Great. Thank you. Apologize if it's already been mentioned, but the actual peptides that are going into the vaccine that you're intending to use, the vaccine itself then is, are we to understand that it is internally developed? This is not a vaccine that you're, you know, getting it from some kind of collaboration with an external party?
That is true. This is an internally developed combination of specific tumor-associated peptides that rank among the 10% best for treatment of these tumors. It's a mix of peptides to be able to target the most relevant different tumor-associated antigens.
Great. Thank you. Maybe just a final question, if I could, on cash and costs. I was wondering if you could give an indication or perhaps a more precise indication of the costs associated with fulfilling the RELEASE study obligations and then closing that study down. Separately, how far towards initiating the phase II study with fimaVacc do you expect your current cash position to take you? Is it fair to assume it wouldn't be possible to start that study prior to raising additional funding? Thank you.
Do you want me to answer that question? Okay. I think we are in the process right now. This is a global, big global study, and we are swiftly closing down as many sites as we can. We are in the process of closing this down, and it is a negotiation also with the CRO, and all the details need to be put in place for this termination.
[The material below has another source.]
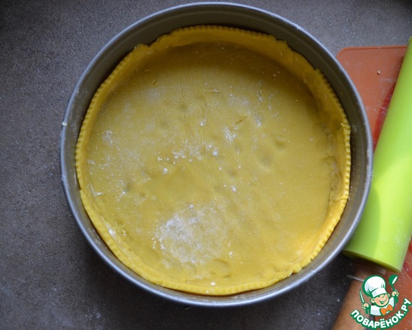 Духовку включить на 190 С. Подготовить разъемную форму (26 см), слегка смазать маслом и застелить пекарской бумагой. Тесто достать из холодильника и раскатать в пласт. Если с раскатыванием теста возникнут сложности, сделать это можно между двух листов пекарской бумаги. Осторожно перенести тесто в форму для выпечки. Сформировать бортик высотой 2-2,5 см, а излишки теста обрезать, подровнять край основания пирога.

We are not at this stage able to guide on this, and I don't want to do it until we have a more firm grip on what it really looks like and how swiftly we can do this and how cost-efficient it can be done. We will need to come back to that, unfortunately.
What we communicate is that it will take us well into 2023. I know that you are so well-versed within this area, so you understand that this fimaVacc study will not have been completed in that time period. I think that's the only thing I can tell you right now.
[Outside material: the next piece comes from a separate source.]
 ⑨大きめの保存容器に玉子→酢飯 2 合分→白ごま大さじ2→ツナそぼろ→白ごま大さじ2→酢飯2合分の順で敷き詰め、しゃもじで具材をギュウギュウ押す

Okay. No, that's helpful. Not to labor the point then, but that would imply that you feel you could initiate a phase II study with the funding that you have, even though that funding wouldn't necessarily take you through to readout? Or is it fair to assume that you'd want to have funding in place for the entirety of the study before it came underway?
I think, as I said, it's a bit too early to say this until we know the exact cost of closing down the RELEASE. It may be that it would be possible to initiate, maybe not. It's too early to say. I don't want to guide on this at the current stage. I hope to come back to this at the next quarterly presentation and provide more details on where we are, because then we've hopefully had our forum discussion with the clinical experts, and we know much more about the RELEASE wind down costs, and we will have much more granularity at that stage on where we're going, is what we're hoping.
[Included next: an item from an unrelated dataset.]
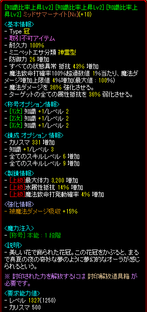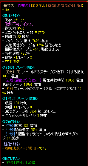 白異界で最強の堕落した賢者の靴を作ろうとしていたら、想定していない良OPを引いて困惑してしまいました。うーん・・要らないんだけど、消すのは惜しいんだよなぁ。というわけで、これを使う方法を数分考えました。そして閃いてしまいました!この前拾って全く売れないミッドサマーナイトという廃品を再利用しつつ、被魔法ダメージ吸収32%をも有効活用してしまう方法を!まず、クリーチャーパッシブを↑ここからスキルLv50を外しつつ最終ダメから上級経験値に少しシフトさせました。それで作った新しいパッシブが↓です。まだ1匹だけLRへの格上げと覚醒が終わっていないので被魔法ダメージ吸収がLv44ですが、これはLv50に上げることが可能です。あと、上級経験値もLv29までは上がります。(Lv29は悔しいので、後でSRで同じ組み合わせを厳選して、Lv31に上げられるようにするかも)このパッシブの改変により、魔法ダメージと魔法弱化が稼げるようになるので、マナに余裕ができたら魔法抵抗力低下Lv20を消して、もっと有用なパッシブに変更したいと考えています。次に、フェーズストーンを変更します。↓振るものがなくて運を上げたのですが、無駄に運7000台でした。というわけで、↓これが変更後のニュートラルストーンです。知恵以外に振るものがなかったのですが、今回は魔法属性ダメージ吸収が必要になったので40%取りました。そして最後に頭の変更です。これまで使っていた↓から、↓これに変更します。本当は、3解放して変換してから4解放にする予定だったのですが、完全解放3個目で4解放を引いてしまいました^^;後で資金的に余裕ができたら、4解放のまま解放変換するかも知れません。というわけで、装備やクリーチャーをいじくり回して被魔法ダメージを稼ぎましたが、これで本当に100%になったかというと・・BFOP32%+BFOP15%+クリーチャーパッシブ10%+ニュートラルストーン40%=97%だとwwwあ、あれ・・・100%になってないやんけ!!頭悪いんかよ!!!!と思われた方もいらっしゃるかと思いますが、ギルド石像が全ての属性で吸収3%か4%になっているので、実はこれで合計100%なんですよね。更にクリーチャーの格上げと覚醒が終わって被魔法ダメージ吸収がLv50に上がると、吸収は12%になります。ですから、石像が1%でも大丈夫なんですよね。(石像無しだとさすがに無理ですけど)というわけで、多大な手間とお金を費やして装備変更をしましたが、実際どのくらい強化されたのか結果を貼っておきますね。←これが変更前の表記ダメ こっちが変更後の表記ダメ→表記ダメは上がったので、一応成功したということにしておきましょう。(頑張って装備を変えたのに変化がなかったり、逆に少し弱くなったりすることもありますからね)今後は、4000マナのガチャもやらないといけないのでちょっと憂鬱ではありますが、これで狩り効率が少しでも上がって早くLv2000になれたらいいな~と思っております。ふう~SSたくさん貼ったので疲れましたwでは、また次回の更新でお会いしましょう。・おまけ魔法致命型ですが、ウトバウル湖のMOBに↑これくらいのダメージを与えられます。魔力注入を勇猛にすれば4万K出ると思いますが、メイドの装備をいくつか使っているので魔力注入は怒りを使わざるを得ません。

Understood. Thank you very much.
Thank you, Adam.
As a reminder, please press five star on your telephone keypad to ask a question. As there are no more questions, I will now hand it back to the speakers for any closing remarks.
Okay. Thank you. Thanks to everyone listening in, to this. I hope we will be able to come back soon again with you with some more granularity. I understand that there's a lot of wish out there to know more about the cost of closing down the study and the timelines to go forward with fimaVacc and so on. But I ask you to please understand that we don't want to go out with guesses on this. We really want to have the details in place and understand, and nothing is sort of fixed on this until everything is fixed of it. We'll come back as soon as we can with more details about these things. Thank you so much for listening in and for your attention today. Goodbye.